[[ Records for this exercise open ]]
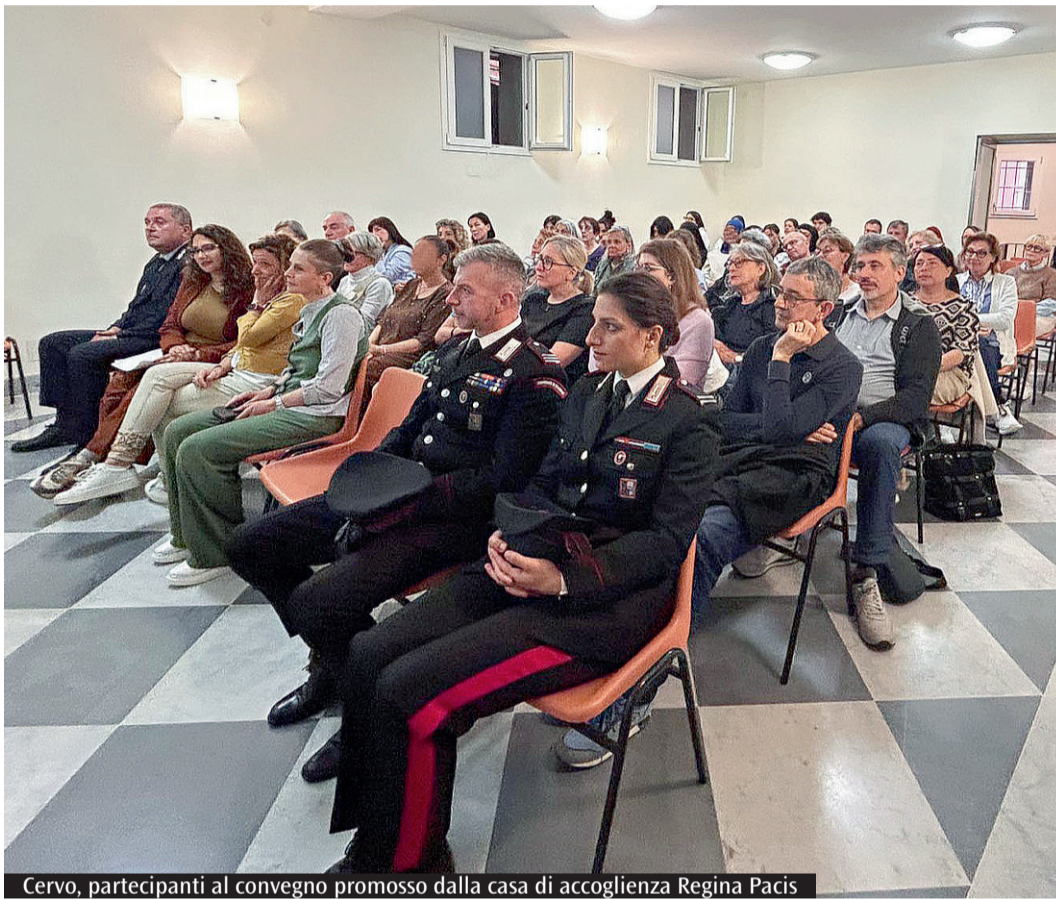
Cervo, partecipanti al convegno promosso dalla casa di accoglienza Regina Pacis

è stata evidenziata la necessità, per gli adulti, di essere modelli credibili nell'utilizzo delle tecnologie: a differenza degli adolescenti di oggi, infatti, le vecchie generazioni hanno conosciuto una vita priva di smartphone e social network, maturando la capacità di distinguere tra dimensione reale e digitale; per molti giovani, invece, il mondo online è un'estensione naturale della propria identità e un canale fondamentale per
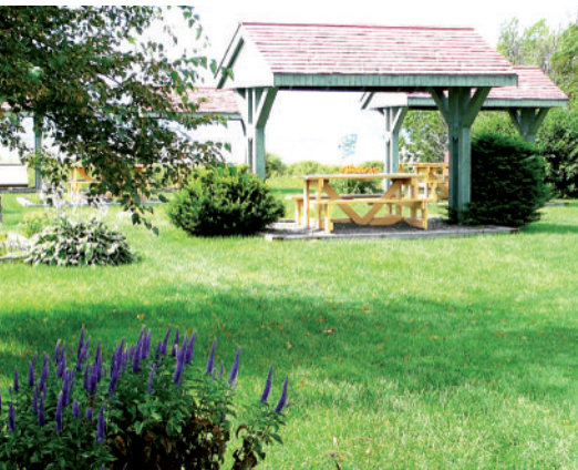
Cour arrière halte routière
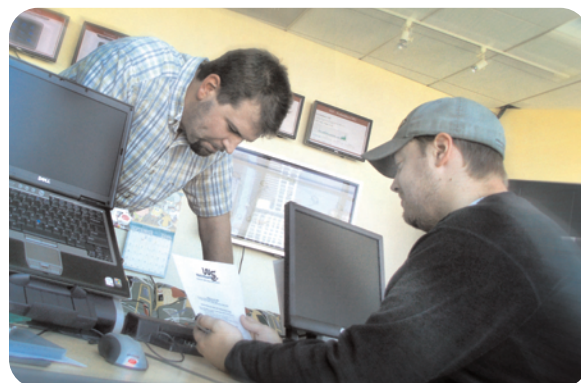
Il team LiveSecurity assicura un tempo di risposta di 4 ore
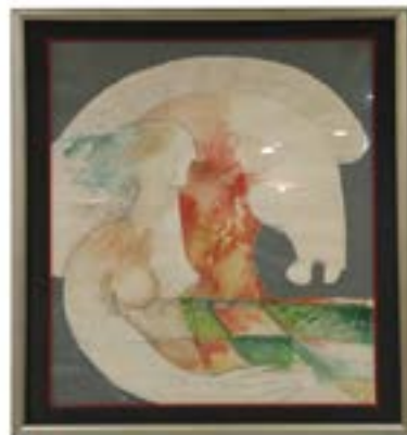
68 ALBERTO CAVAZOS Acuarela Firmado y fechado 1987 Enmarcado 104 x 77 cm $ 6,000.00 - $ 9,000.00 MXN
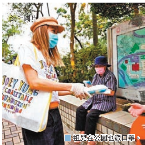
■ 祖兒在公園也派口罩。
[[ Records for this exercise closed ]]
What you are asked to do: From the line containing "Cour arrière halte routière" to the last line of the entries, output every line exactly as written, but leave out the pictures.

Task solution:
Cour arrière halte routière
Il team LiveSecurity assicura un tempo di risposta di 4 ore
68 ALBERTO CAVAZOS Acuarela Firmado y fechado 1987 Enmarcado 104 x 77 cm $ 6,000.00 - $ 9,000.00 MXN
■ 祖兒在公園也派口罩。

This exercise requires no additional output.